(COLLECTED MATERIAL Opens)

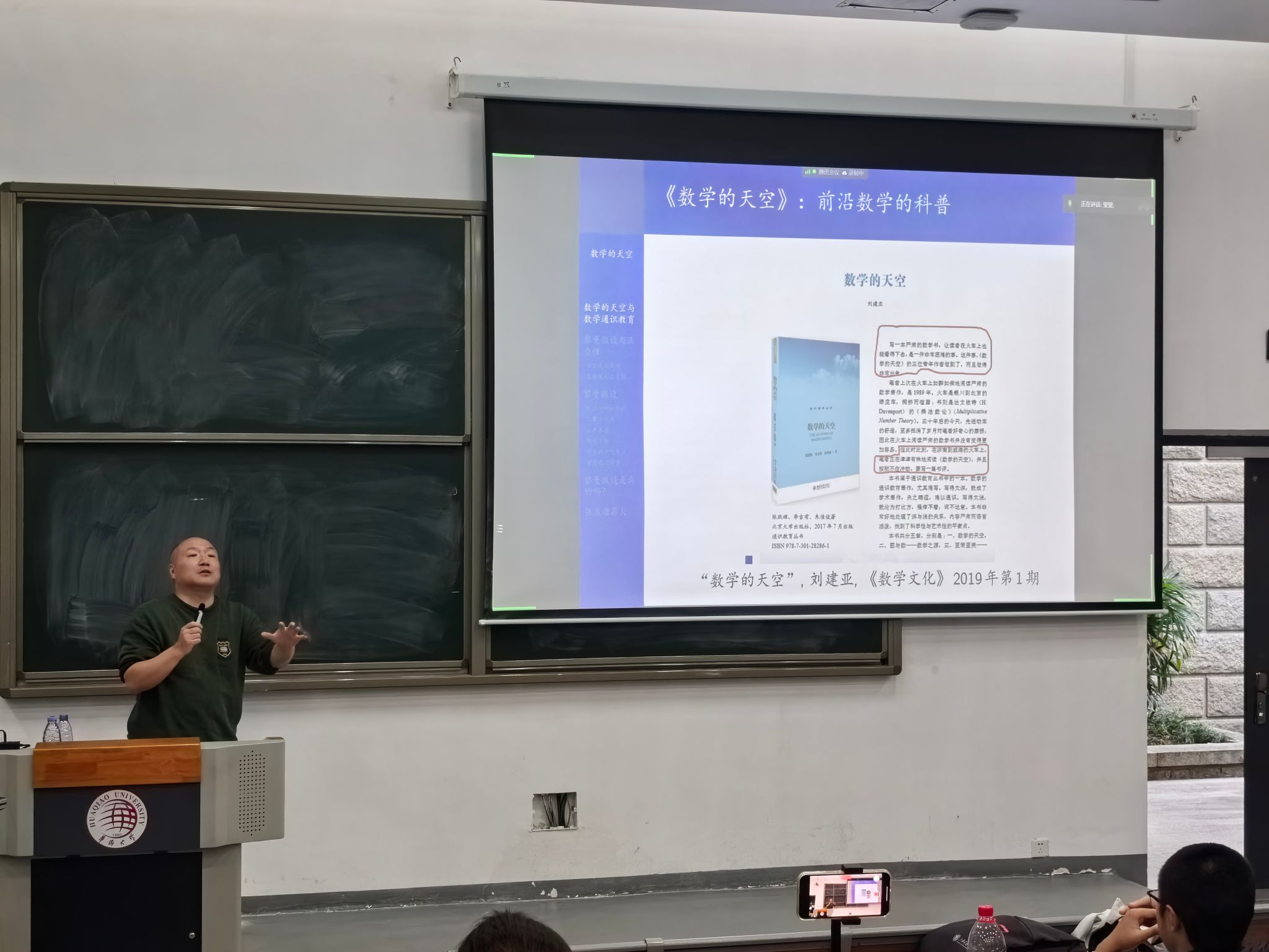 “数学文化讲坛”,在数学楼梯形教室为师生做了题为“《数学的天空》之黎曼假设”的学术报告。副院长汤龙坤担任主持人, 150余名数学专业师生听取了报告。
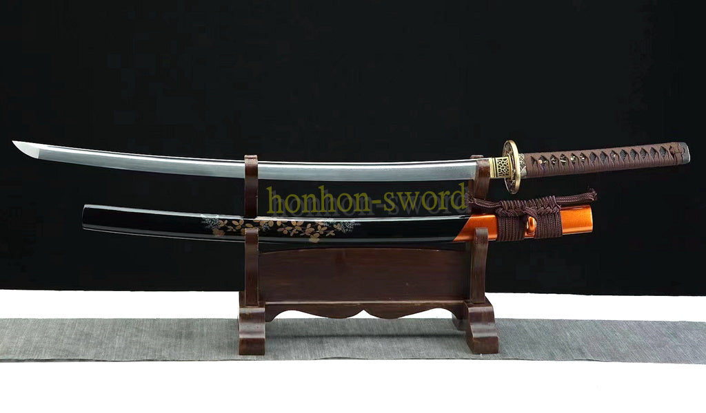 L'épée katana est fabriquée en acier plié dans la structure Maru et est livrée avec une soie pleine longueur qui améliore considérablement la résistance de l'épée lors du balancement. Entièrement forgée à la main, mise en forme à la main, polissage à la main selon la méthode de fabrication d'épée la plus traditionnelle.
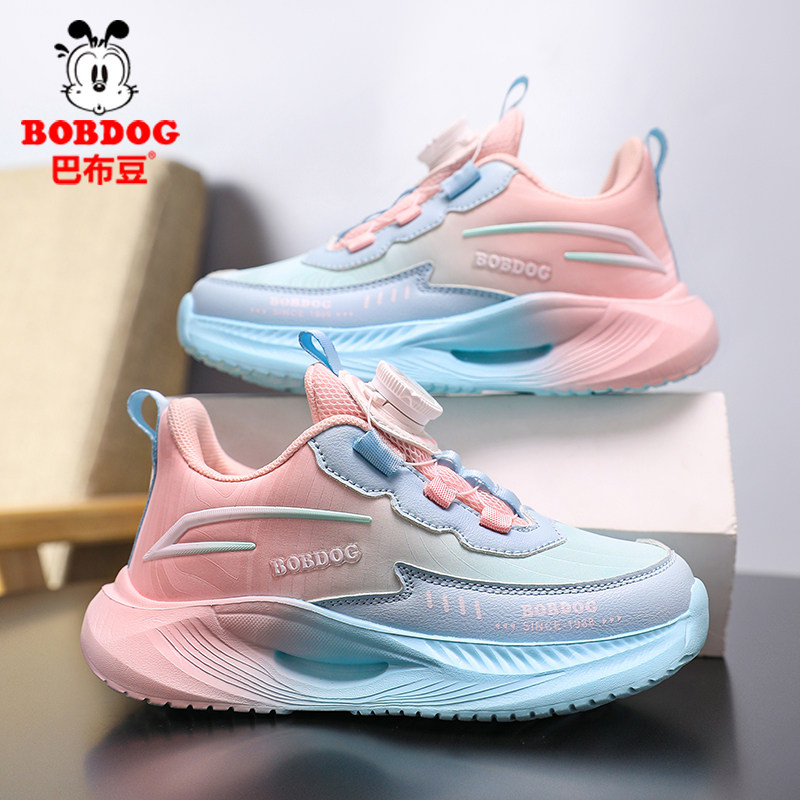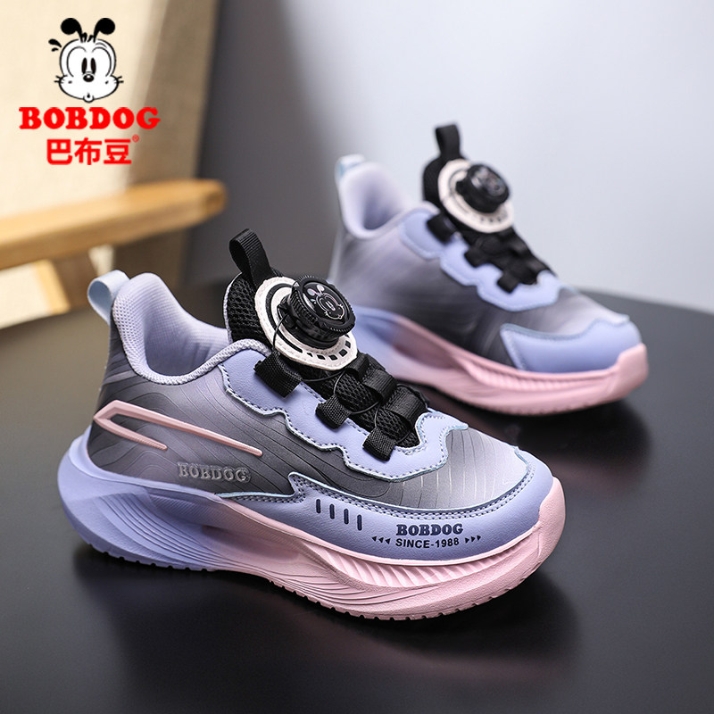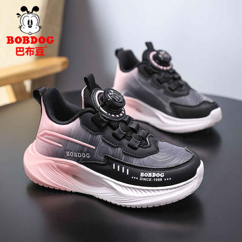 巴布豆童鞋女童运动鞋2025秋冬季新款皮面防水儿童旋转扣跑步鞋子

(COLLECTED MATERIAL Closes)

* INSTRUCTIONS FOR THE TASK *
Restate the material word for word; no picture should appear in the copy.

* ANSWER SPACE *
 “数学文化讲坛”,在数学楼梯形教室为师生做了题为“《数学的天空》之黎曼假设”的学术报告。副院长汤龙坤担任主持人, 150余名数学专业师生听取了报告。
 L'épée katana est fabriquée en acier plié dans la structure Maru et est livrée avec une soie pleine longueur qui améliore considérablement la résistance de l'épée lors du balancement. Entièrement forgée à la main, mise en forme à la main, polissage à la main selon la méthode de fabrication d'épée la plus traditionnelle.
 巴布豆童鞋女童运动鞋2025秋冬季新款皮面防水儿童旋转扣跑步鞋子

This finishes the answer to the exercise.